Potential targets in the various pathways where DNA methylation plays a role in regulating gene expression in gliomas. (Green dots are unmethylated Cytosine, red dots are 5-methylCytosine; blue dots are 5-hydroxymethylcytosine). (A) Promoter hypermethylation may prevent the binding of transcriptional factors (TF), i.e., activator, leading to gene silencing. (B) In some other cases, a hypermethylated promoter may bind to the transcriptional repressor (REP) preferentially.
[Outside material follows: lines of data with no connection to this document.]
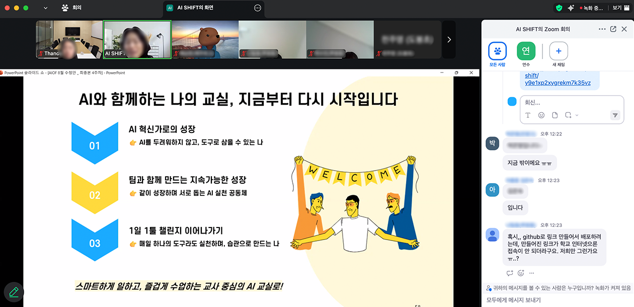 특히 그룹별 실습과 질의응답 과정에서 교사들은 서로의 활용 사례를 보며 “이건 바로 다음 주 수업에 써먹을 수 있겠다”는 감각을 얻습니다. 온라인이지만, 현장과 분리되지 않았다는 점이 AIOF의 가장 큰 차별점입니다. |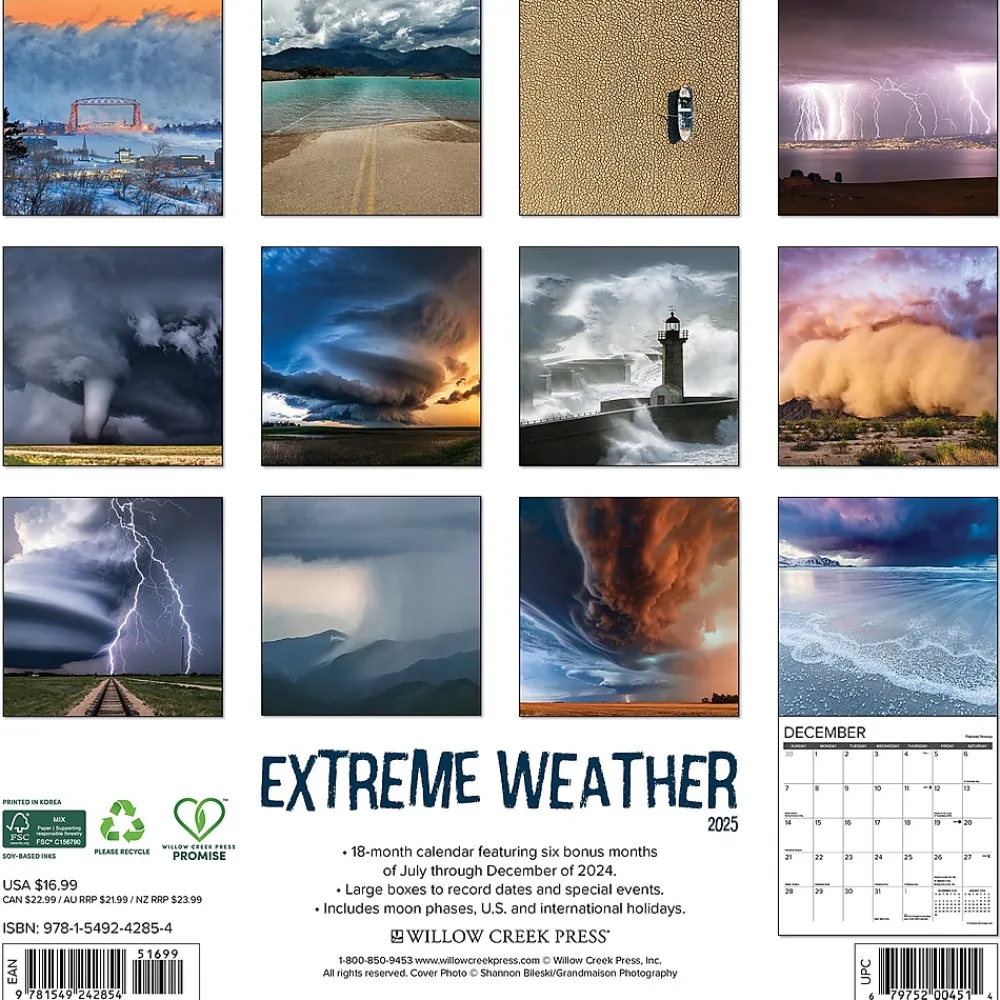2025 Calendars|Willow Creek 2025 Extreme Weather 12″ x 12″ Monthly Wall Calendar (42854)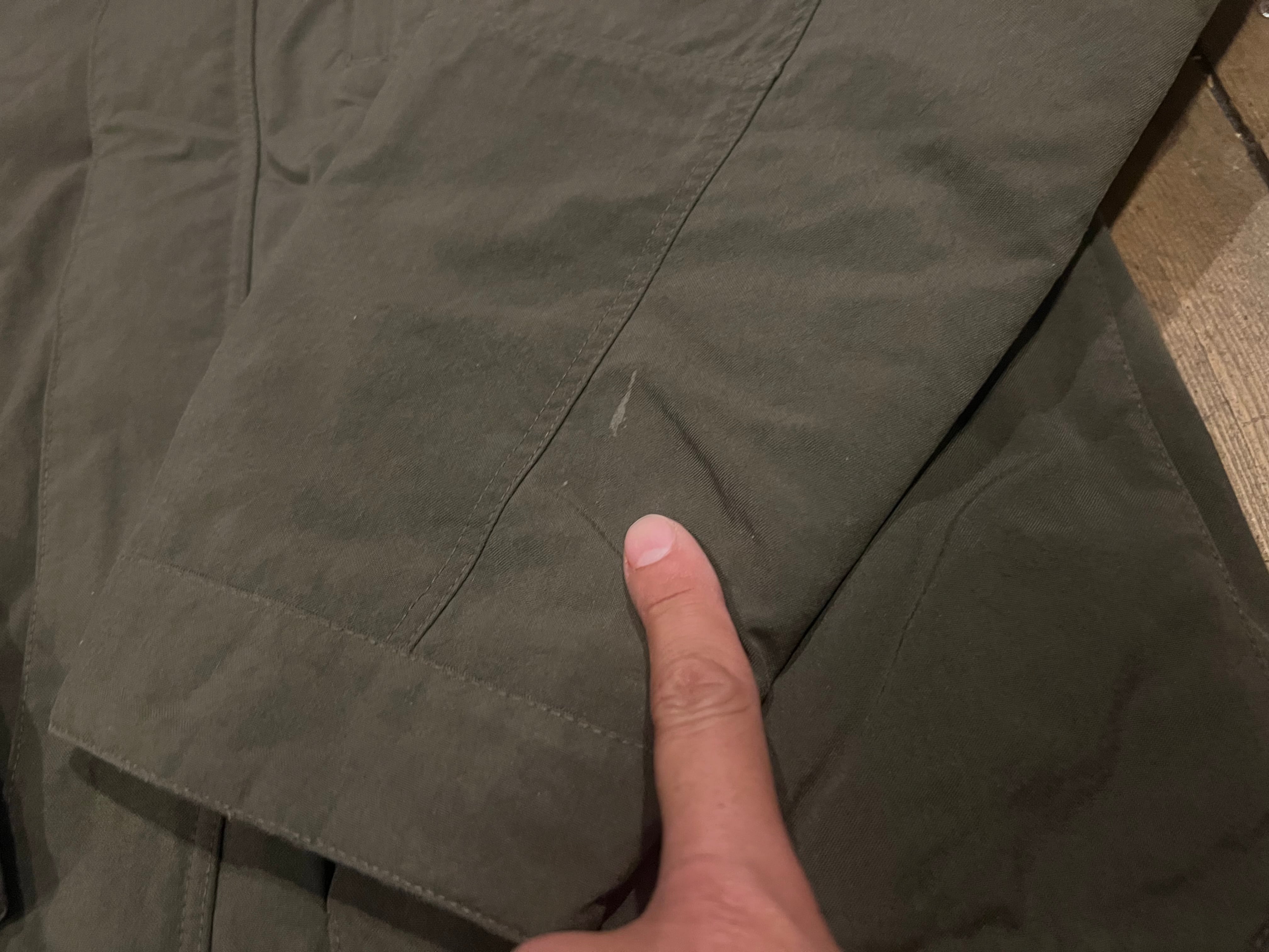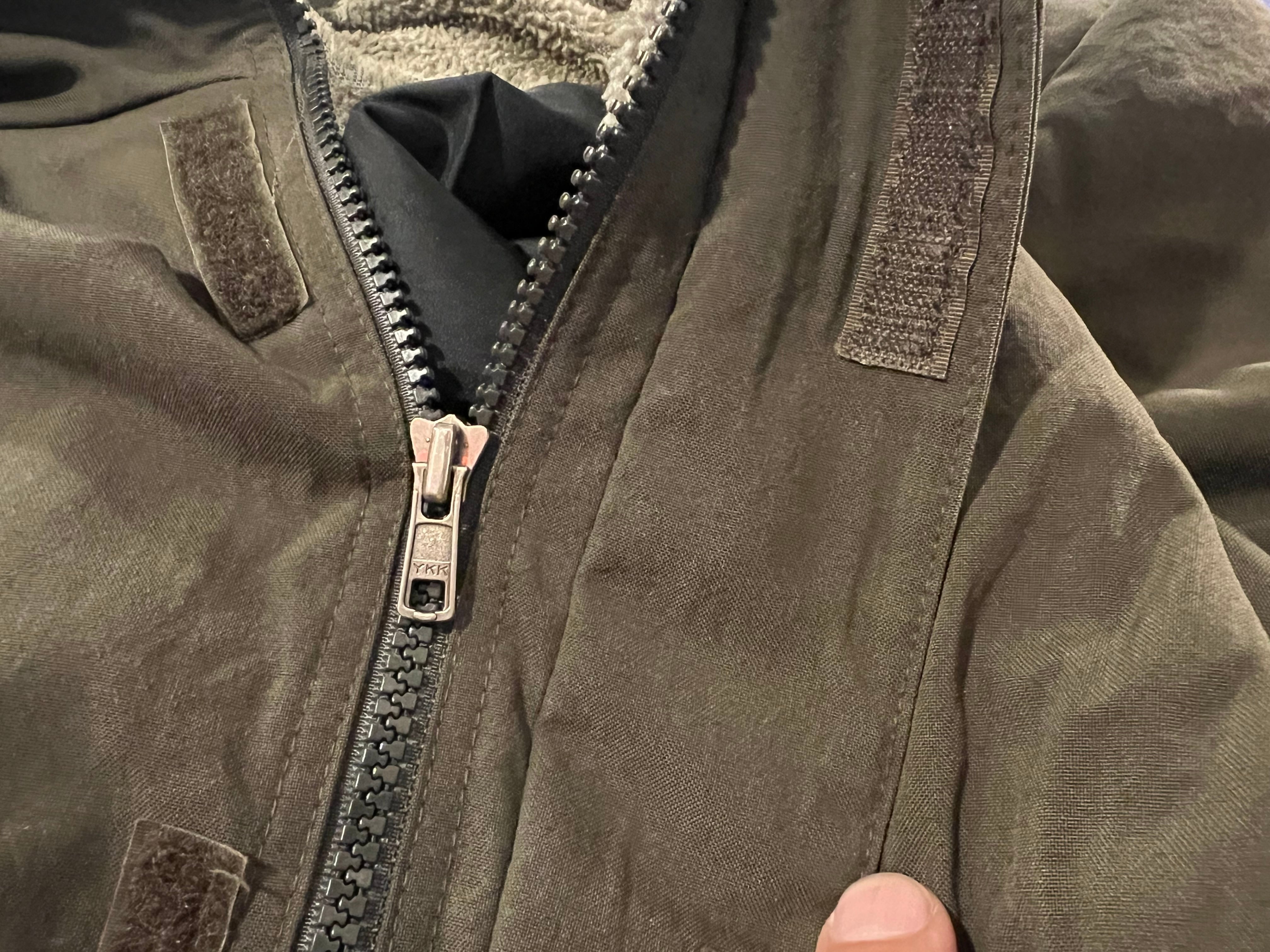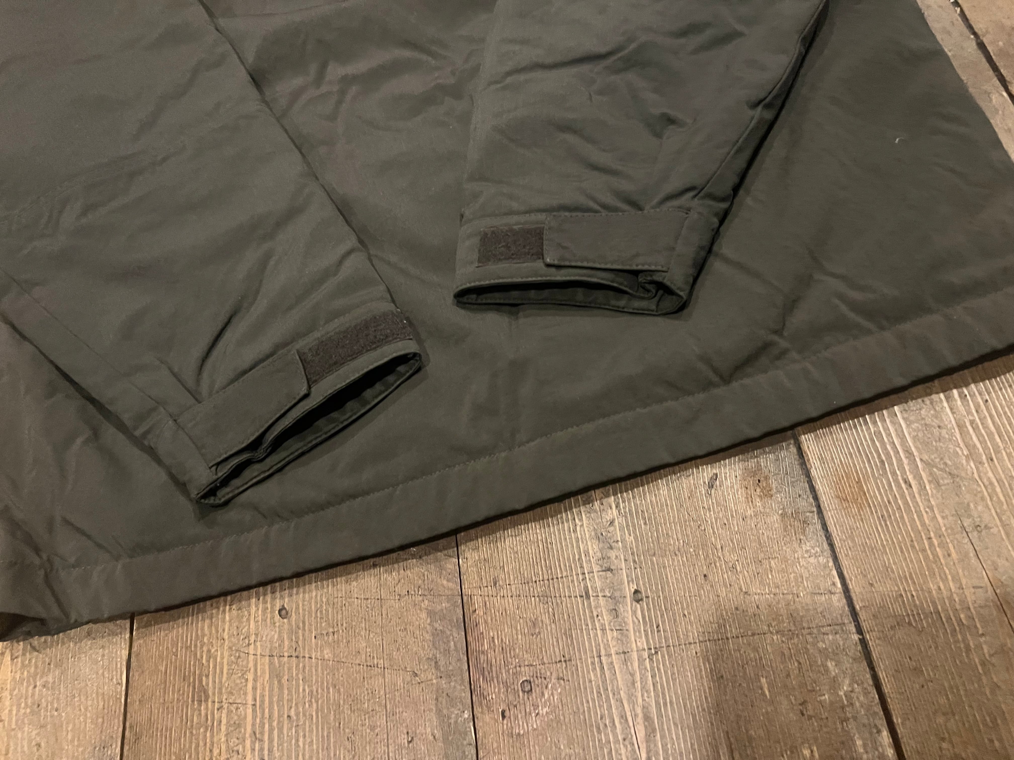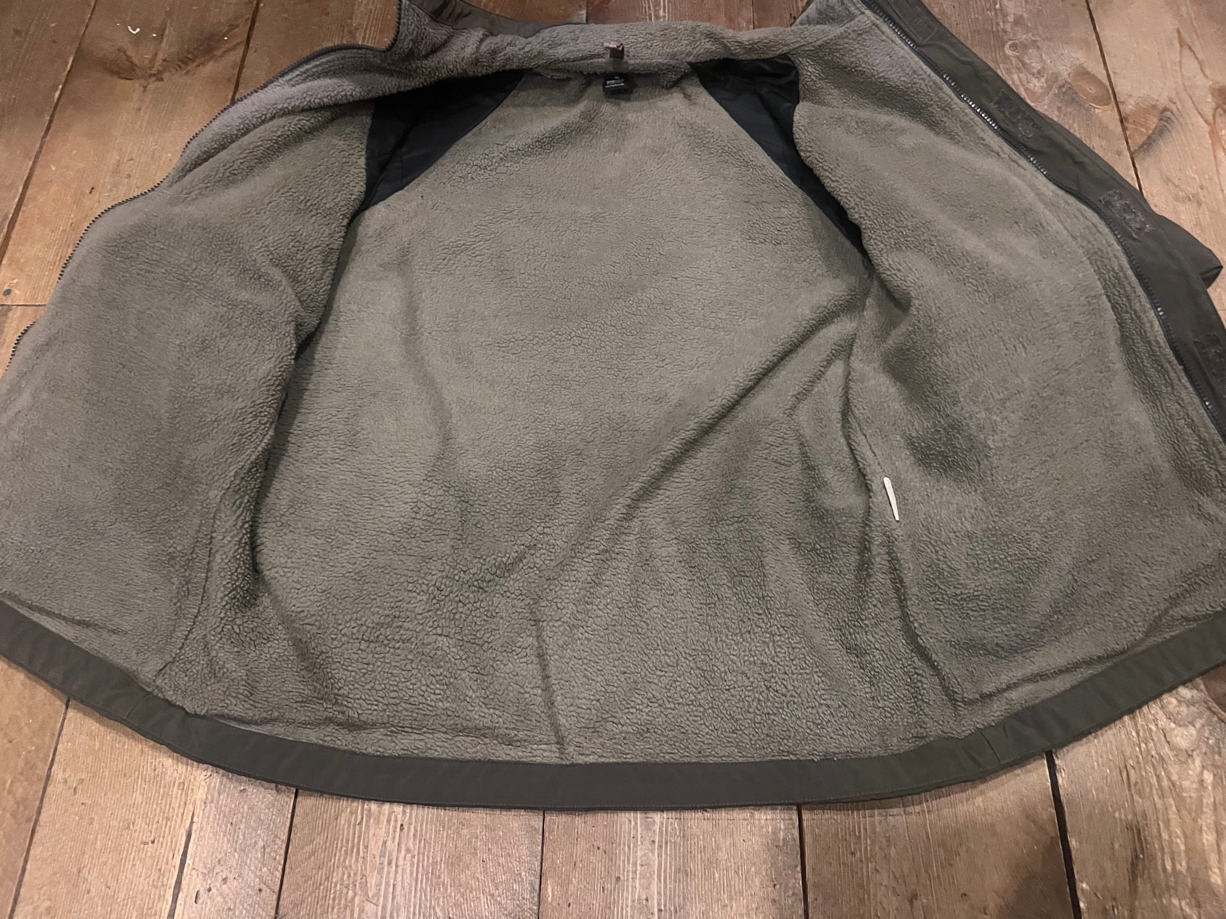 袖口辺りに僅かな汚れ、裏地のフリースの生地の折り返し部分(襟裏)の生地のスレがあります

When active demethylation occurs, REP is unable to bind and gene expression occurs. (C) In another gene, there may occur binding by two transcriptional factors (TFs), one to a methylated sequence and another to an unmethylated sequence. (D) In normal cells, TET enzymes convert 5mc to 5hmc and later into 5cac for maintenance purposes. When 2-Hydroxyglutarate (2-HG), a byproduct of mutant IDH enzymes, inhibits TET, a state of global hypermethylation occurs. (E) Relationship between DNA methylation and chromatin compaction. The latter is regulated by chromatin chaperones that are in turn affected by DNA methylation, histone methylation, and histone acetylation. ATRX binding to methylated gene sequences leads to an increased proportion of heterochromatin, thus reducing the binding of transcriptional factors (TFs) to DNA. (F) When CTCTF binding sites on the genome are methylated, then CTCF is unable to bind, leading to alteration in chromatin compaction. This causes an exchange of an insulator by an enhancer near the said sequence. Figure reproduced, with color correction, under Creative Commons Attribution-Noncommercial 4.0 license from [45].

Figure 6

Histone modification maps for a typical chromosome in normal and cancer cells. In normal cells, DNA sequences that include the promoters of tumor-suppressor genes have more histone modification marks associated with active transcription, such as acetylation of H3 and H4 lysine residues (e.g., K5, K8, K9, K12, and K16) along with trimethylation of K4 residue of H3 protein. The normal cell also has DNA repeats and other heterochromatic regions having repressive histone marks, such as trimethylation of K27 residue and dimethylation of the K9 residue of H3, and trimethylation of K20 of H4. In cancer cells, there is a loss of the “active” histone marks on promoters of tumor-suppressor genes, leading to a tighter chromatin configuration. Additionally, the neoplastic cell has a loss of repressive marks at subtelomeric DNA and other repeat regions, causing a more “relaxed” chromatin conformation in these regions. Figure reproduced with permission from [28].